Matters of agreement

  1. Mr Mutokoyi filed 24 pages of submissions which I have taken into account, together with affidavits and exhibits of some length which he addressed in the course of his oral submissions. BML relied on two affidavits of Mr Brazel, the principal of BML, together with a three page outline of submissions prepared by Mr R D Turnbull of Counsel, which were supplemented by Ms Merrett in the course of her address.

  2. Before turning to the parties' contentions, two matters of agreement should be noted.

  3. First, Ms Merrett, properly in my respectful view, accepted that it was clear from his evidence that Mr Mutokoyi is currently in a position of genuine financial hardship. He produced an exhibit referred to as Annexure P and headed "Immediate and Urgent Costs Requirements" totalling $43,920. Some of those requirements relate to payments such as mortgage payments and utilities. Others are of a more discretionary nature.

  4. Mr Mutokoyi mentioned on several occasions that he has only been able to afford a one-way ticket to Perth to accompany his son to an important sporting tournament and needed money to pay for their return ticket. While I can appreciate the importance to a parent of being able to provide for a child in that way, I respectfully observe that such expenses do not fall into the same category of urgency of matters such as mortgage and utility payments.

  5. I also accept there was some force in Ms Merrett's submission that there was no evidence as to the consequences of those essential payments being in arrears. The absence of evidence of those consequences is not, however, something which I have taken into account in reaching my decision to dismiss Mr Mutokoyi's motion.

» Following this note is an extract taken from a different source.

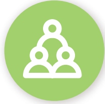
Multi-Tenancy & User Access
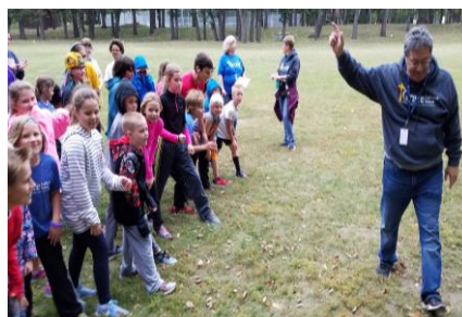
Jog-A-Thon pledges are due on Friday, September 22nd. Prizes and more fun to follow!

  6. The second matter of common ground was that Mr Mutokoyi accepted that BML had a solicitor's lien over the Fund. However, he submitted that the Court had a discretion to order payment out of some of it. Ms Merrett did not expressly challenge whether or not the Court did have such a discretion, properly understood as such, and I have proceeded on the basis that I do, notwithstanding Mr Mutokoyi’s concession as to the existence of the lien.

Consideration

  1. Because I have accepted the submissions made by Ms Merrett, it is convenient for me first to set out and resolve each of Mr Mutokoyi's reasons that he advanced in favour of his motion.

  2. First, he submitted that he was in serious financial hardship. So much has been accepted, although how he had reached that position having (I assume) received $53,000 of the settlement (see [13] above) was not the subject of evidence or debate before me. In and of itself, I do not accept that financial hardship is a sufficient reason to order payment out of any part of the Fund. That hardship and any other matters must be weighed against the considerations advanced on behalf of BML to which I shall come. Furthermore, I do not accept (to the extent that Mr Mutokoyi seemed to be suggesting this) that his current financial position had been caused by any improper conduct of BML. Nor was it obvious from his evidence how that hardship had been caused by the mere fact that BML had taken steps to recover and secure its fees.

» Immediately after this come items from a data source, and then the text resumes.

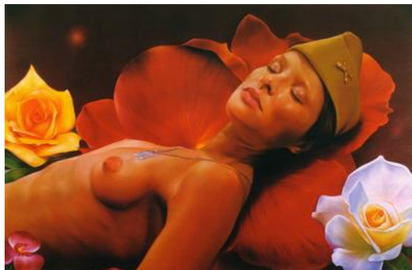
1994 , Women Soldiers Photo transfer, oil on canvas, glitter Collection of the artist
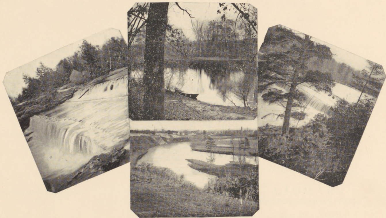
ON THE NASHUA RIVER.
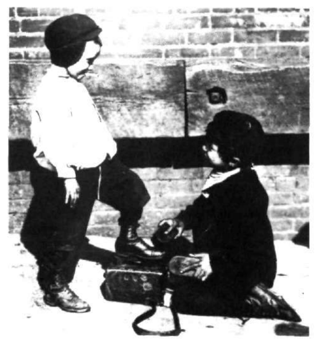
Two Toronto bootblacks demonstrate their trade.

Reaching beyond the perimeters of the home, many working-class children added to the family coffers through their participation in a variety of street trades. Nineteenth-century families immensely enjoyed socializing in public, and downtown streets always bristled with activity and excitement.28 A police survey of 1887 uncovered approximately 700 youngsters, the vast majority of them boys, who regularly performed, polished shoes, or sold newspapers, pencils, shoelaces, fruit, or other small wares on the streets of Toronto.29
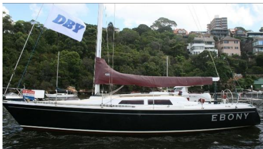
Northshore 38 $79,000

Vanish is fully equipped and ready for her next blue water adventure. Having just completed a tour of Tasmania she is truly turn-key.

  3. Second, Mr Mutokoyi drew to attention that the default judgment had been set aside. That again may be accepted. However, as Mr Mutokoyi himself acknowledged, BML has an equitable lien over the Fund. The existence of that lien did not depend upon the existence of the default judgment.

  4. Third, he submitted that even if BML was found to be entitled to the entire Fund as a result of the costs assessment, he had a costs claim against BML which would far exceed the amount of the Fund.

  5. In explaining what the value of that claim might be, he first said that he had suffered a loss of income by reason of the default judgment because if he had obtained the full benefit of the settlement, he had been intending to make improvements to his family home by adding an extra storey which would then have generated an income by being rented out. That, with respect, is entirely speculative.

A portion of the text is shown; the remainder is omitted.